Now that we have an irrigation system up and running, the challenge was to find a way to use water from the washing machine – especially as it runs every day cleaning nappies. Again, being renters, we can’t retrofit a grey-water recycling system, or even cut a hole for piping to get outside from the laundry. Also, our laundry is at the rear of the house but the majority of the garden, including the vegies and the irrigation system, is at the front. Our solution: buckets. We now have three buckets in the wash-trough catching washing machine water. What overflows the buckets goes down the drain, except on rare occasions when I happen past the laundry between the wash and the rinse cycles and empty the first round of buckets in time to also catch the rinse water.
We already had two buckets catching water in our shower, and have now also added a bucket in my sister’s shower, plus the water from Eva’s bath, the nappy bucket, and any hand washing done during the day.
We already had two buckets catching water in our shower, and have now also added a bucket in my sister’s shower, plus the water from Eva’s bath, the nappy bucket, and any hand washing done during the day.
Initial cost: 10L buckets cost $2 each. We supplemented our existing supply with another four.

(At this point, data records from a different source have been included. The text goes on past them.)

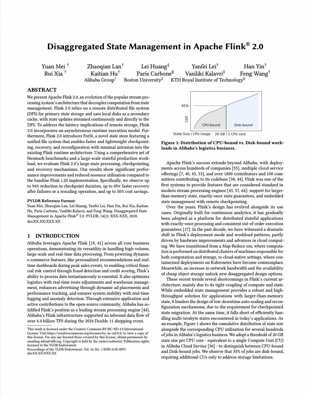 热烈祝贺 Apache Flink 2.0 的重磅研究成果《Disaggregated State Management in Apache Flink® 2.0 》被数据库领域顶级会议 VLDB 2025 正式接收!这项工作由 Apache Flink 社区 联合 阿里巴巴实时计算 Flink 团队 以及多位学术界研究人员共同完成,从架构上根本解决了在存算一体架构下长久以来快照消耗大、状态恢复慢,以及状态和计算捆绑造成成本高的问题,标志着 Flink 在分布式流处理系统状态管理架构上的重大突破,也代表着 Flink 向云原生架构演进的重要里程碑。
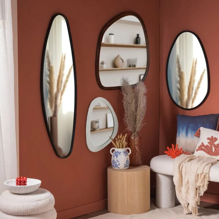 Voeg een vleugje moderne elegantie toe aan je interieur met deze spiegel! De stijlvolle spiegel heeft een unieke, organische vorm die elke ruimte direct een eigentijdse uitstraling geeft. De strakke zwarte rand geeft een luxe en minimalistische touch, terwijl de organische vorm zorgt voor een speels effect.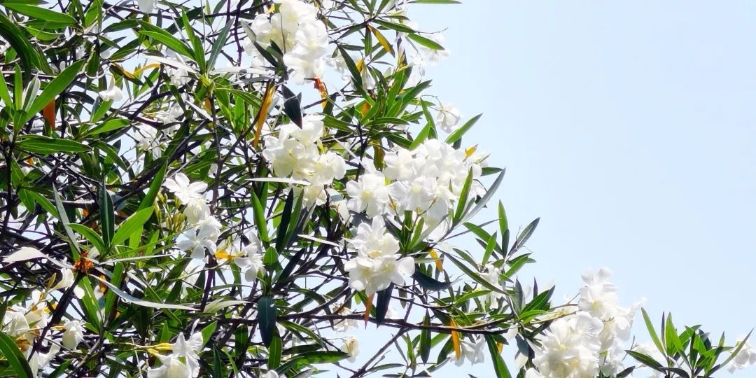 每到夏日,夹竹桃开出了成片或白或粉的花朵,十分漂亮,夹竹桃全株根、茎、皮、叶、花、种子和汁液都有毒,即使服用部分夹竹桃干燥叶也可致人死亡 ,所以大家不要随意采摘夹竹桃,更不能触碰夹竹桃的花朵和枝叶。

Initial time: 5 minutes a couple of times over while we figured out the best bucket configuration. (For the record, letting the whole wash trough fill and overflow into the overflow holes means the washing machine stops draining once the pipe-end is in the water. We have a front-loader. Messy.)
Ongoing time or cost commitment: Ten minutes per day emptying buckets of water – shorter when all the water goes into the irrigation; longer when some of it is distributed to the pots and plants in the rear courtyard. However, we no longer spend any time watering with a hose, so it evens out.
Impact: Each day approximately 10L of baby bath water + 20L shower water + 30L laundry water is put to good use rather than going down the drains (that’s a whopping 22kL of water saved every year!).